Stored entries

────────────────────────────────────────

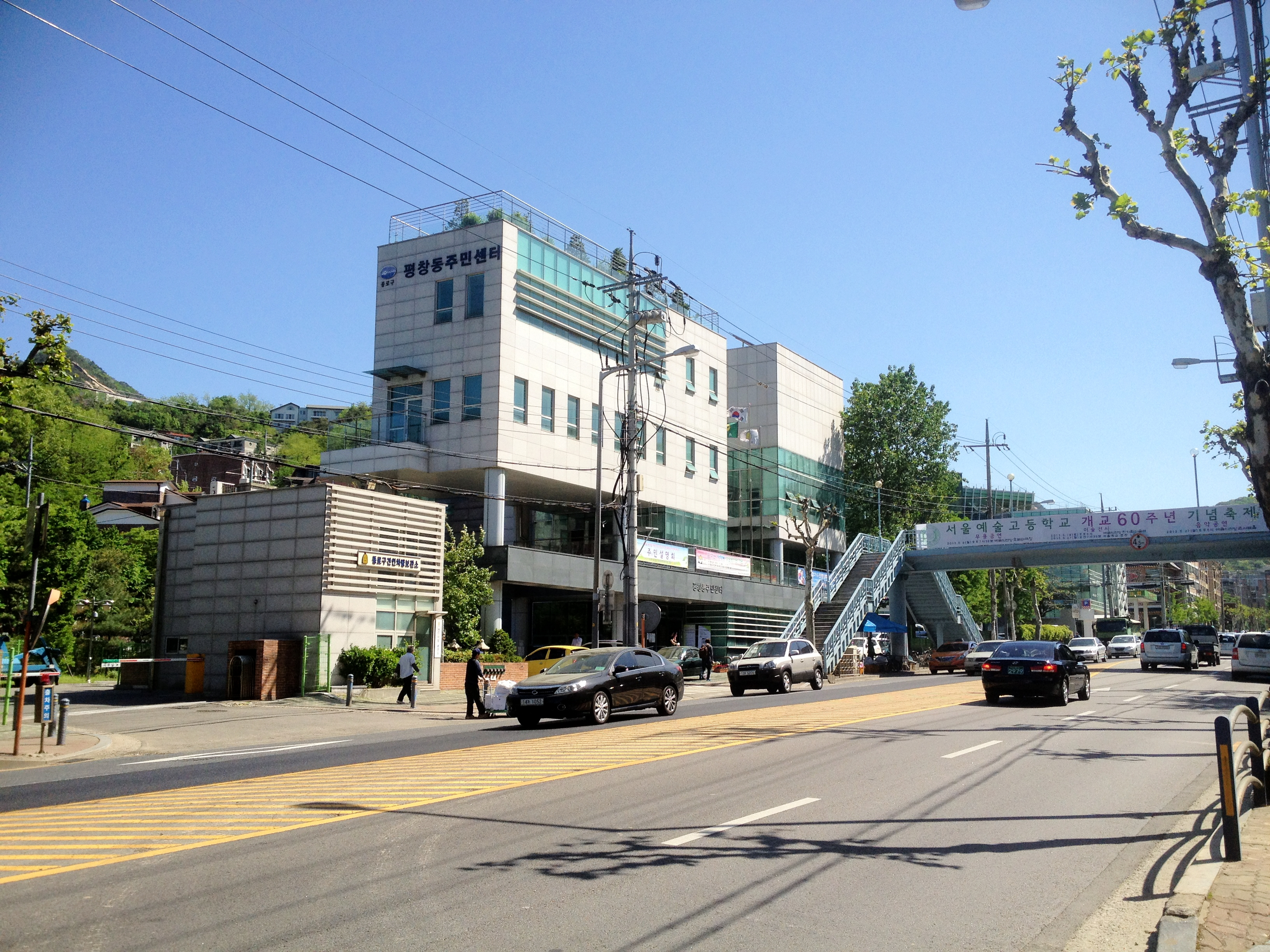 Pyeongchang-dong Comunity Service Center(Jongno-gu)
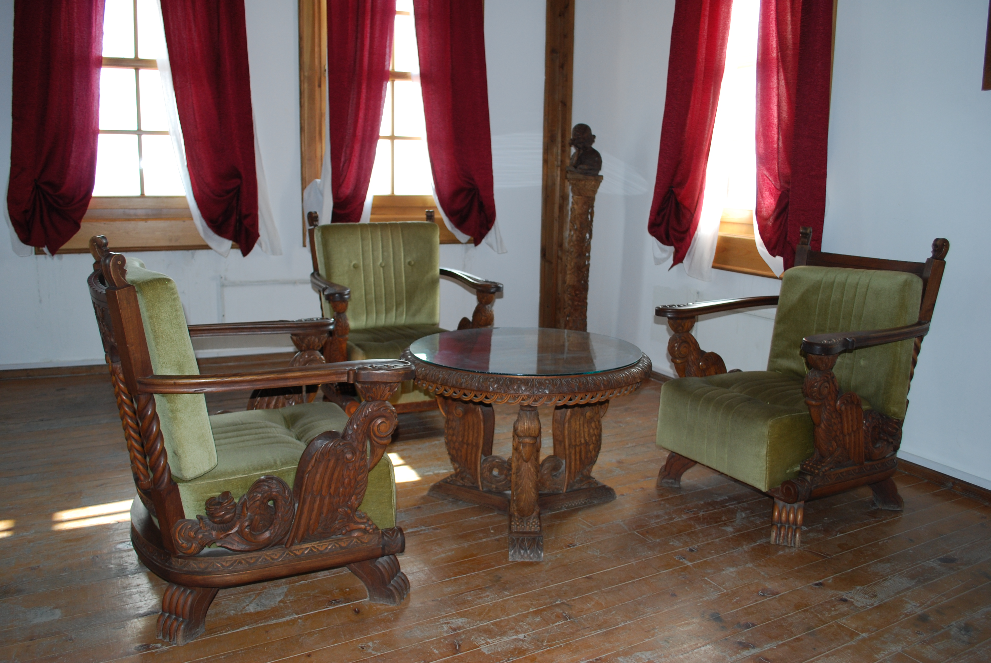 The Robevi house in Ohrid, one of the most famous architectural monuments in Macedonia. It was built in its current state in 1863 - 1864 by Todor Petkov from a village Gari near Debar. Today the house is a protected monument of culture under the "Institute for protection of cultural monuments in Ohrid". Currently, in houses is the "The Archeological museum of Ohrid". More...
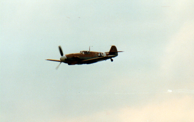 Photographed at the Spitfire 60th Anniversary Airshow, Duxford, 1996. Vintage, Veteran and Preserved Aircraft Scanned print. Photo ref; 1996/Spitfire 60th-Duxford/003
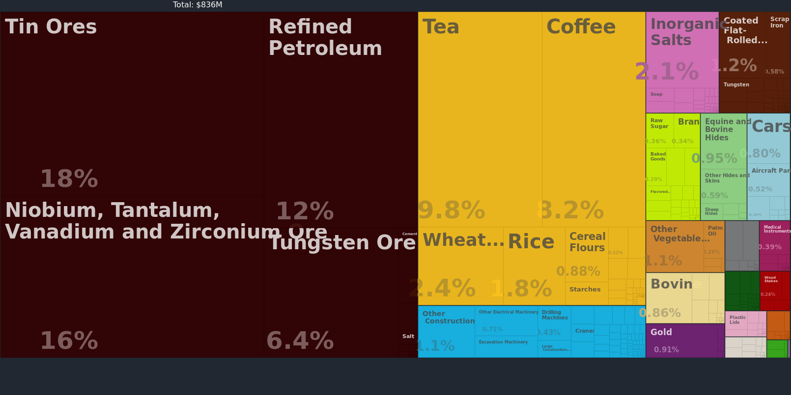 Graphical depiction of Rwanda's product exports in 28 color-coded categories.
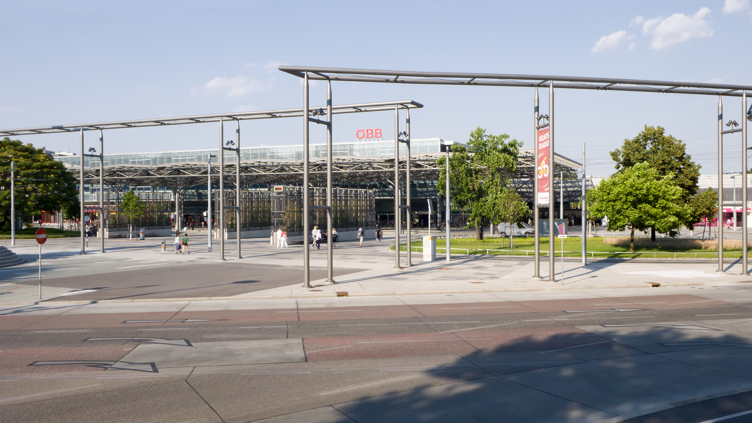 Railway station Bahnhof Wien Praterstern in Vienna Leopoldstadt

────────────────────────────────────────

▶ _DIRECTIONS FOR THIS TASK_
All of the records above should be reproduced exactly, with the pictures left out.

▶ _SOLUTION BELOW_
 Pyeongchang-dong Comunity Service Center(Jongno-gu)
 The Robevi house in Ohrid, one of the most famous architectural monuments in Macedonia. It was built in its current state in 1863 - 1864 by Todor Petkov from a village Gari near Debar. Today the house is a protected monument of culture under the "Institute for protection of cultural monuments in Ohrid". Currently, in houses is the "The Archeological museum of Ohrid". More...
 Photographed at the Spitfire 60th Anniversary Airshow, Duxford, 1996. Vintage, Veteran and Preserved Aircraft Scanned print. Photo ref; 1996/Spitfire 60th-Duxford/003
 Graphical depiction of Rwanda's product exports in 28 color-coded categories.
 Railway station Bahnhof Wien Praterstern in Vienna Leopoldstadt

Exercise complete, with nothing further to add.